Like Detroit, New York began as a port city, but in New York’s case a principal byproduct of its shipping trade was a robust banking industry, which survived the city’s manufacturing collapse. Even as New York was begging for a bailout from the federal government in the mid-1970s, young hotshots like Ivan Boesky and Michael Milken, many of them children and grandchildren of immigrants who had filled the ghettos earlier in the century, were inventing new ways to own and finance large companies. Think of all the financial innovations of the last thirty years: junk bonds, hedge funds, leveraged buyouts, asset-backed securities, credit derivatives, subprime mortgage markets, and on and on. Yes, bankers are evil, and, yes, the banking industry required a federal bailout even larger than that of the auto industry’s, but like it or not, New York is the safest large city in America, with a vital private sector and a buoyant real estate market, largely because the living, breathing organism we call Wall Street has spent the last thirty years innovating its way out of obsolescence.
5.
Which brings us back to the Glassybaby store. When I walked out of Glassybaby, I felt certain Jane Jacobs would have agreed with me that the store was a sad commentary on what had become of her beloved West Village. An entire store devoted to votive holders? What’s next, a store that sells only Tibetan prayer flags? A pet store specializing in fair-trade chew toys? Now I can see I was wrong, mostly because I, possessor of a less subtle mind than Jacobs’, let my personal prejudices get in the way.

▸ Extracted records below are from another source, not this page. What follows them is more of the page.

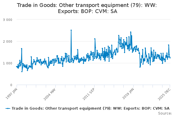 Download this time seriesTrade in Goods: Other transport equipment (79): WW: Exports: BOP: CVM: SA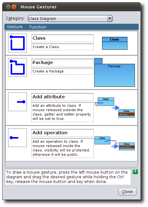 Toujours dans cette optique de facilité l'utilisation du logiciel et d'améliorer l'expérience utilisateur, il existe la possibilité de créer des objets graphique en réalisant des gestes avec la sourie, permettant ainsi de se passer totalement de l'interface graphique puisque l'on se servira d'un geste de la sourie pour créer un élément ou une relation. Le but ici est de réserver l'utilisation des menus à de rares fonctionnalités qui n'on pas de rapport direct avec la modélisation. On restera ainsi concentré sur la modélisation proprement dite sans perdre de temps en navigation dans les menus à la recherche d'une fonctionnalité.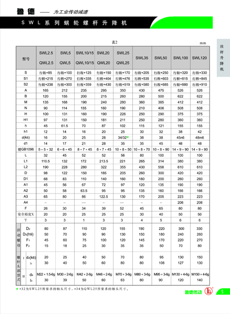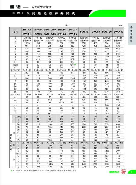 SWL係列蝸輪(lún)螺杆升降(jiàng)機,蝸輪絲杆升降機有不同的結構型式和裝配方式,提升高度可按要求(qiú)加工製造。請(qǐng)根據(jù)實際使用(yòng)負(fù)荷、螺杆行程和起升速度選擇(zé)合適的絲杆升降機。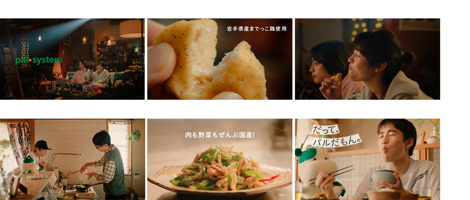 TVCMでは「までっこ鶏チキンナゲット」「お料理セット」を取り上げます。パルシステム公式キャラクター「こんせんくん」が暮らしの中で、「おいしいは、つながってる。だって、パルだもん。」のメッセージで食の安心感とサステナブルな取り組みを伝えています。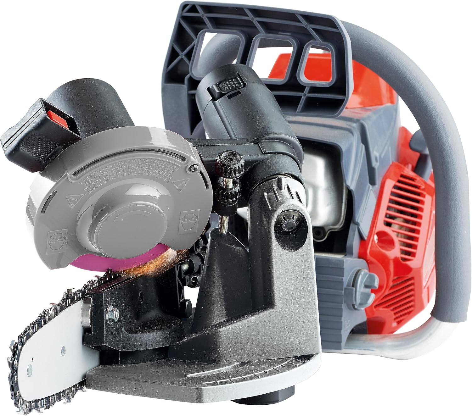 Tecomec Micro Jolly "Battery" Powered Guide Bar Mounted Chainsaw Chain Grinder. Sharpen your chainsaw chains on the job wherever you are with this all new great Tecomec bar mounted chainsaw chain grinder! Watch the YouTube video: https://www.youtube.com/watch?v=TkTOdYMYdXk&t=5s The chain grinder has the features and controls to provide a precise grind with professional results. It will sharpen virtually any round cutter chain type and size including 1/4", .325, 3/8" and .404 pitch chains. The vise angle guide is easily adjusted for cutter angles from 0 to 35-degrees. Features include an easy to operate manual cam vise, cutter length adjustment, grind depth adjuster and a safety on/off switch. This battery powered grinder is 10.8v, 22 watt and has a maximum motor speed of 6500rpm. The grinder includes (1) grinding wheel for sharpening 1/4", 3/8"LP (low-profile) and .325 pitch chains, (1) battery and (1) fast charger. Replacement grinding wheels for this grinder please contact us! Watch the YouTube video: https://www.youtube.com/watch?v=TkTOdYMYdXk&t=5s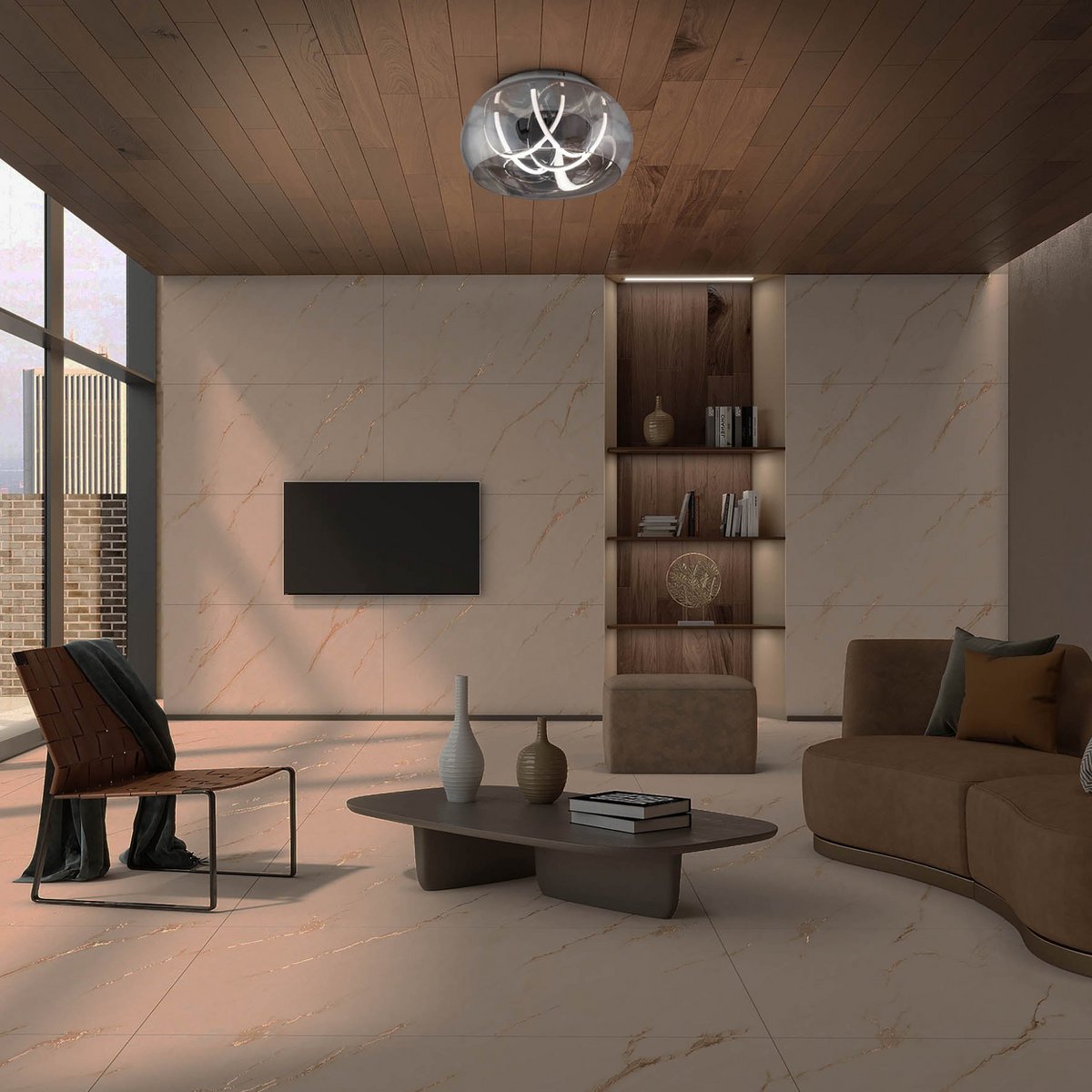 LED -plafondlicht "Malou" Ø 45 cm, 23,5 cm hoog, gemaakt van metaal, rookglas, geïntegreerde LED's, warm wit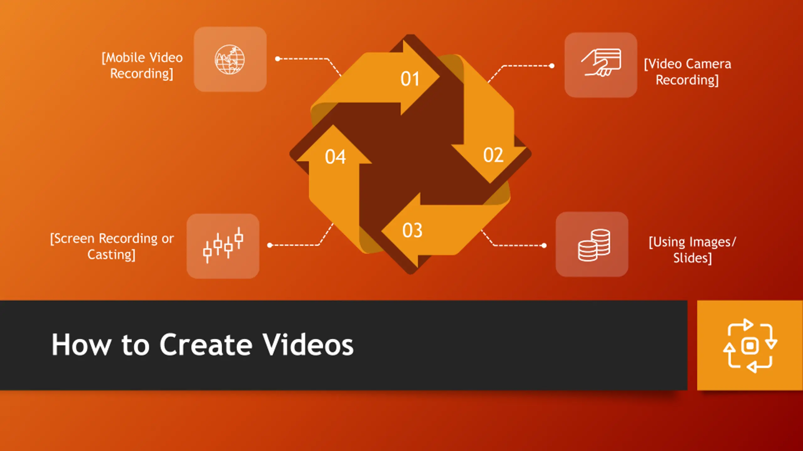 [Mobile Video Recording] [Video Camera Recording] 01 02 04 03 [Screen Recording or Casting] [Using Images/ Slides] How to Create Videos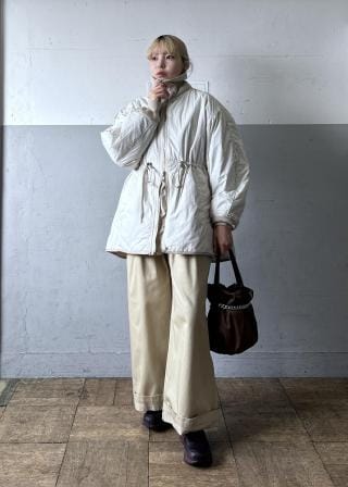 表地:スムース調のフェイクレザーと光沢のあるナイロン素材を組み合わせた異素材MIX。

Whatever Jacobs may have thought of Glassybaby as a product, she would have seen the store for what it is: a small, niche business that neatly encapsulates her economic theories. According to its website, Glassybaby started when its founder Lee Rhodes was battling cancer and found solace in glass votives that she spread around her house. She soon taught herself to make the votives herself and began distributing them, first as gifts to friends and later as products sold to strangers. The market for these items was so strong that she taught other glass blowers to make Glassybabies and then opened retail stores, first in her native Seattle and now in New York. In 2009, Amazon CEO Jeff Bezos acquired a 22 percent stake in the young company.

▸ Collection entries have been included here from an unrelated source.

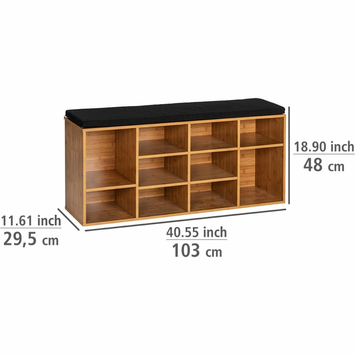Botník se sedátkem LOFT od značky Wenko je praktickým a stylovým řešením pro přehledné uložení obuvi v předsíni, chodbě nebo šatně. Kombinuje funkci botníku a pohodlné lavice v jednom kusu nábytku, který zaujme industriálním vzhledem a čistými liniemi. Bambusový dekor působí teple a přirozeně, zatímco černý sedák vytváří kontrast, který podtrhuje moderní charakter.Korpus botníku je vyroben z pevného MDF materiálu v bambusovém dekoru, který se vyznačuje dobrou stabilitou a odolností při každodenním používání. Horní část tvoří čalouněné sedátko s měkkou výplní, které zpříjemní obouvání i zouvání. Potah sedáku je z kvalitního polyesteru, lze jej snadno sejmout a vyprat, což oceníte zejména v domácnostech s dětmi nebo domácími mazlíčky.Vnitřní uspořádání nabízí otevřené přihrádky, které poskytují dostatek prostoru až pro 10 párů bot. Konstrukce je navržena tak, aby pojala jak nízké boty, tak i vyšší obuv, například kotníkové boty nebo tenisky s vyšší podrážkou. Díky otevřenému provedení máte obuv vždy přehledně uloženou a snadno dostupnou.Hlavní výhody produktu kombinace botníku a pohodlné lavice v jednom kusu 10 otevřených přihrádek pro přehledné uložení obuvi čalouněné sedátko s odnímatelným a pratelným potahem stabilní konstrukce z MDF v bambusovém dekoru industriální design vhodný do moderních interiérů nosnost sedátka až 80 kgObsah balení 1× botník se sedátkem 1× čalouněný sedák s potahem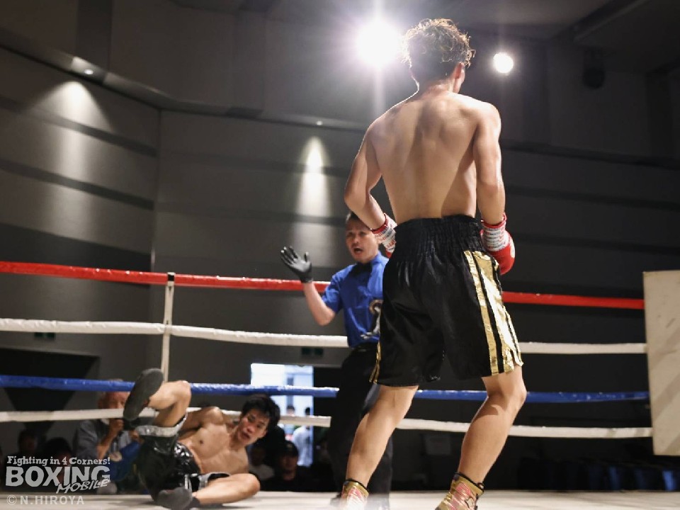五十嵐のジャブに苦労した竹中だが、積極的な攻撃でペースを掌握。4回に右ストレートでダウンを奪うと、ロープに詰めて連打で、レフェリーストップに持ち込んだ。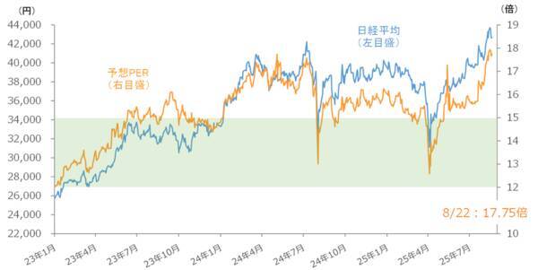 <図5>日経平均(日足)とPER(2025年8月22日時点)

Thus, just as Jacobs describes, a smart, creative person has adapted an imported product to her needs, hired others to help her produce and sell it, and has now found financial backing to export it to other cities. What’s more, now that Rhodes has identified a market niche, she has found ever more creative uses for her product, including programs that allow percentages of sales of certain colors of her votives to go charity. Rhodes, with nothing more than some colored glass and a good idea, has created money and jobs where they didn’t exist before, and in the process, found an original way to serve a market niche that others can now exploit.

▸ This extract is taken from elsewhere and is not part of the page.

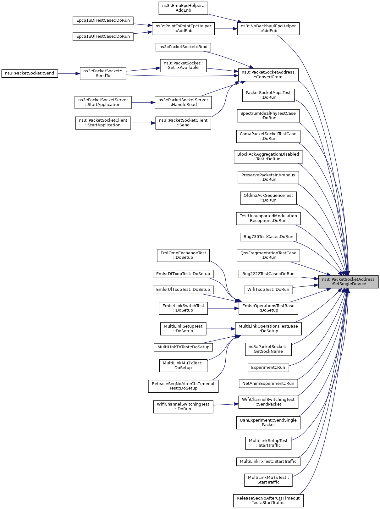 Referenced by ns3::NoBackhaulEpcHelper::AddEnb(), ConvertFrom(), PacketSocketAppsTest::DoRun(), SpectrumIdealPhyTestCase::DoRun(), CsmaPacketSocketTestCase::DoRun(), BlockAckAggregationDisabledTest::DoRun(), PreservePacketsInAmpdus::DoRun(), OfdmaAckSequenceTest::DoRun(), TestUnsupportedModulationReception::DoRun(), Bug730TestCase::DoRun(), QosFragmentationTestCase::DoRun(), Bug2222TestCase::DoRun(), WifiTxopTest::DoRun(), EmlsrOperationsTestBase::DoSetup(), MultiLinkOperationsTestBase::DoSetup(), ns3::PacketSocket::GetSockName(), Experiment::Run(), NetAnimExperiment::Run(), WifiChannelSwitchingTest::SendPacket(), UanExperiment::SendSinglePacket(), MultiLinkSetupTest::StartTraffic(), MultiLinkTxTest::StartTraffic(), MultiLinkMuTxTest::StartTraffic(), and ReleaseSeqNoAfterCtsTimeoutTest::StartTraffic().

I could be wrong, but I suspect Jane Jacobs wouldn’t have been a big Glassybaby customer, and I am certain she would have deplored all those Wall Street hotshots selling each other worthless tranches of securitized home loans until the system blew up. But I think she would have acknowledged the uncomfortable truth that those guys brought New York back from the dead to the point it could support a quirky, marginal business like Glassybaby. Today, as we as a nation stare down the double barrels of high debt and low employment, the question is whether we can follow Wall Street’s example of serial reinvention or turn our backs on the lessons of Jacobs’ work and end up a nation of proud, decaying Detroits, blaming other, more creative folk for our failures?